Суть Белинского, историческую суть, мне кажется, можно выразить одной строкой: личным своим волнением он взволновал всю Россию. Сравните до него и после него: как было все тихо раньше, и как все шумно пошло потом. Пушкин писал поэмы: да, зачитывались; знали наизусть. Но эстетическое наслаждение имеет свойство спокойно ложиться на душу; и воспитывает оно тихим воспитанием. С Пушкиным зрела Россия; становилась лучше, совершеннее, делалась умнее. Да, но это — все другое, чем волнение. Волнения не принес ни Лермонтов, ни даже Гоголь, ни Грибоедов: волнение и мог принести только сам недоучившийся студент, но с пламенной жаждой учения и с тучею сомнений, вопросов,- которые прежде всего ему самому были не ясны. Вот этой «вопросностыо» своею, и вечным недоумением, и тоскою в недоумении, он и «поднял на дыбы» все, что было грамотно; поднял как «свой своих», как «брат братьев», как «вечный ученик» тех «вечных учеников», какими приличествует быть вообще людям, которые и не «боги», и не «мудрецы». Тут сыграло положительную и прекрасную роль даже то, что он не был так учен и даже так всесторонне образован, как его старшие сверстники; именно это-то и нужно было молодому растущему обществу.
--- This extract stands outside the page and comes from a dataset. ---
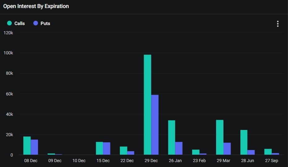Il 7 dicembre, Greeks Live ha notato che dopo la consegna della scorsa settimana, la quota di opzioni Bitcoin di dicembre era superiore al 50%. Ma con l’avanzata del mercato questa settimana, la quota di opzioni mensili è scesa di nuovo sotto il 50%.

Он поднялся и начал учиться, так пламенно, как немногие во всемирной истории: и все за ним вскочили и бросились к книгам, журналам, своим, переводным, учась и учась с его же пламенностью. И это продолжалось вплоть до пресловутых изданий Павленкова,— все на «серьезные» темы, все — учебного характера, с наивностью и «горячей» начинкой. «Все от Белинского»...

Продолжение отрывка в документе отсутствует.